Deep learning is about scaling up these techniques, using models that require huge amounts of computation accelerated using specialized hardware, and training them on millions of images, or data points. Deep learning’s success has led to rapid advances in computer vision as well as many other areas, and widespread adoption in technology companies as well as other industries from finance to manufacturing.

 

WT: One of your areas of focus is using Computer Vision to create images that you couldn’t normally capture with a camera yourself, like this short video. What fascinates you about this kind of work?

SW: I was an amateur photographer before I became a computer vision researcher, and what motivates me is applications that allow me to see, or to visualize, the world in new and different ways. Photo enhancement and manipulation has been around as long as photography. But digital imaging and the advent of techniques that can “understand” images and videos enable whole new ways of thinking about photography and videography, and this is the idea behind the field we call Computational Photography.

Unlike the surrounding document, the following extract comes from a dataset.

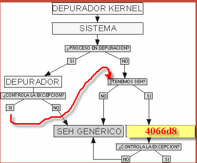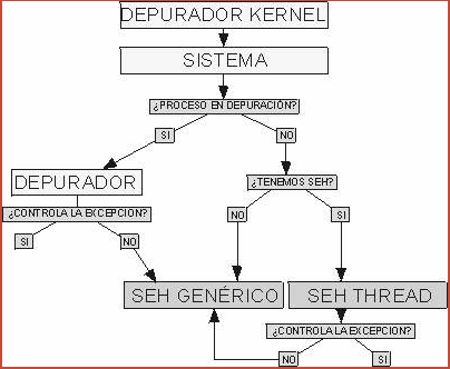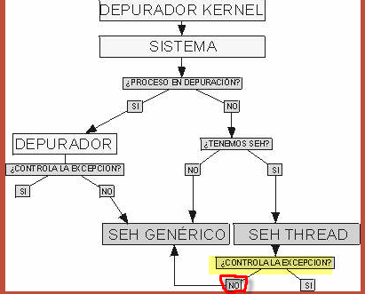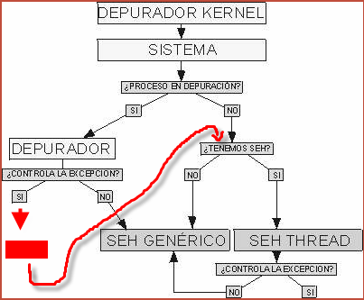 В случае, если программа находится под отладкой, контроль получает отладчик, который (как это изображено на картинке, смотрит, может ли он контролировать исключение или нет, почти всегда ответ утвердительный и тогда, если включена опция в DEBUGGING OPTIONS-EXCEPTIONS для перепрыгивания через этот тип исключений, контроль возвращается обратно программе, если не включена, то для этого нужно нажать SHIFT+F9, то есть на графике, где сказано CONTROLA LA EXCEPCION-SI отсутствует изображение, отображающее процесс принятия решения, останавливать или продолжать выполнение программы в зависимости от вышеуказанной опции. Смотрим следующую схему.

As an example, the technique that created the video linked above was inspired by the limitations of time-lapse photography, where an artist sets up a camera to take a photo every few seconds or so, then compiles the frames into a video. The problem is that different things go different speeds: to see people walking, you’d want to show a standard video with 30 frames per second; visualizing clouds is best done by taking one image every 10 seconds or so; shadows move across the ground even more slowly than that, requiring one frame every 30 seconds to be able to see the motion. What this technique enables is a video of this scene that never truly took place, but visualizes all the motions in the scene better than any single time-lapse sequence could have: you can watch a few seconds of this video and see what’s going on at many timescales, from seconds to minutes to hours.

My work is motivated by applications like these, and it spans a range from creating the visualizations themselves to working on the fundamental computer vision techniques (like motion analysis and image compositing) that make them possible.

 

Scott Wehrwein got his doctorate from Cornell University in 2018, and has taught at Western since last fall.